#### [Your objective]
The pictures must be left out, while the rest of the data is copied exactly.

#### [Information supplied]
Content starts

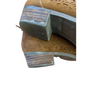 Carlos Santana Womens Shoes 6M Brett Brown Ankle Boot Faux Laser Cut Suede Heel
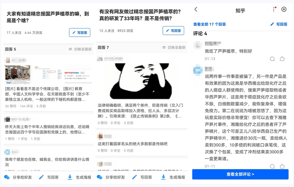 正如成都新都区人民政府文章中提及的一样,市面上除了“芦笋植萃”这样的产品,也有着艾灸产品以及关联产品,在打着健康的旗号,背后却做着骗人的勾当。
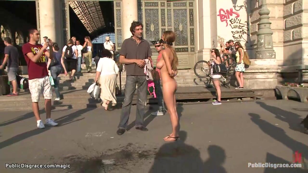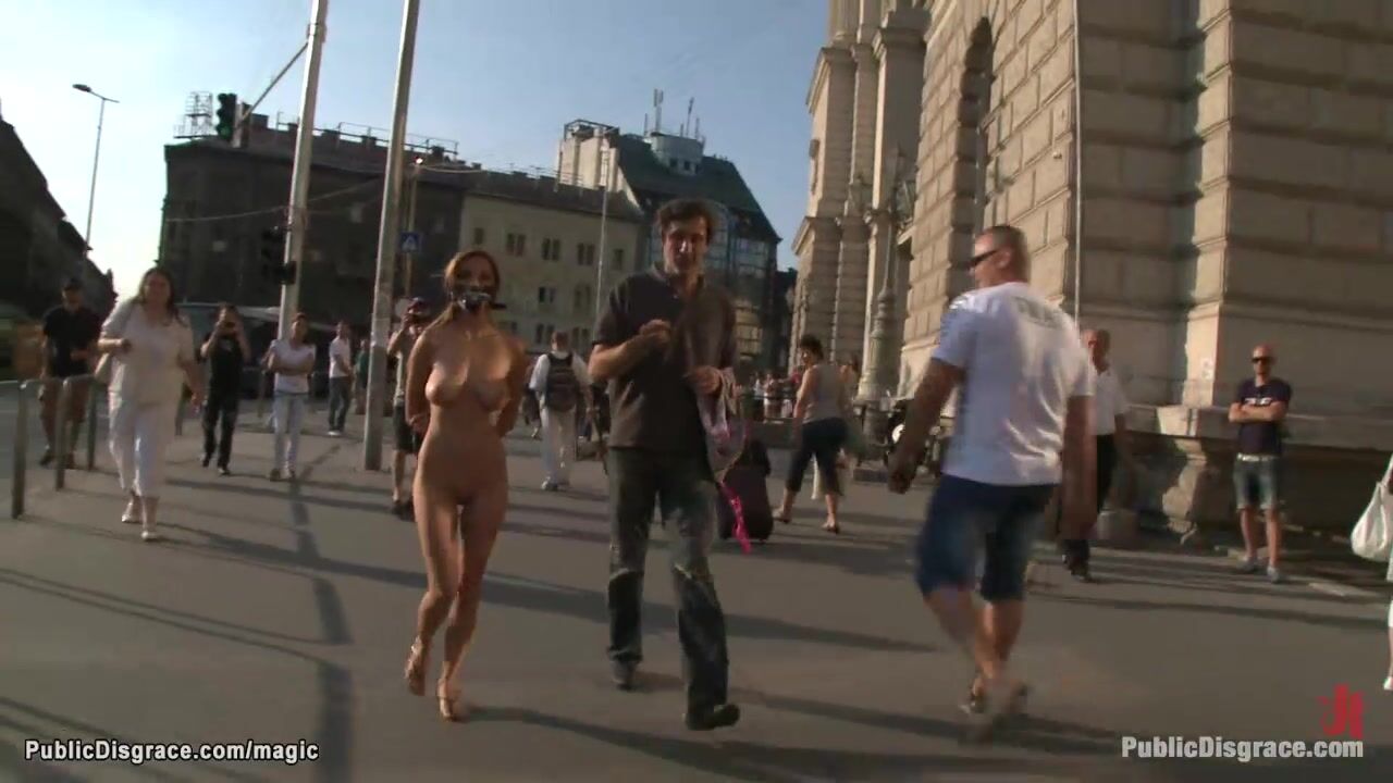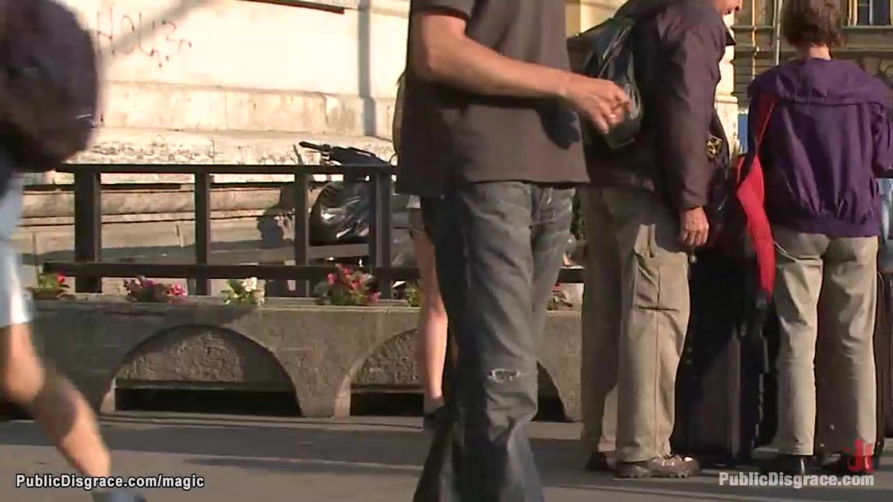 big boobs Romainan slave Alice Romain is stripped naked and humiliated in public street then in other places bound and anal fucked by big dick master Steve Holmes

Content ends

#### [Task output]
 Carlos Santana Womens Shoes 6M Brett Brown Ankle Boot Faux Laser Cut Suede Heel
 正如成都新都区人民政府文章中提及的一样,市面上除了“芦笋植萃”这样的产品,也有着艾灸产品以及关联产品,在打着健康的旗号,背后却做着骗人的勾当。
 big boobs Romainan slave Alice Romain is stripped naked and humiliated in public street then in other places bound and anal fucked by big dick master Steve Holmes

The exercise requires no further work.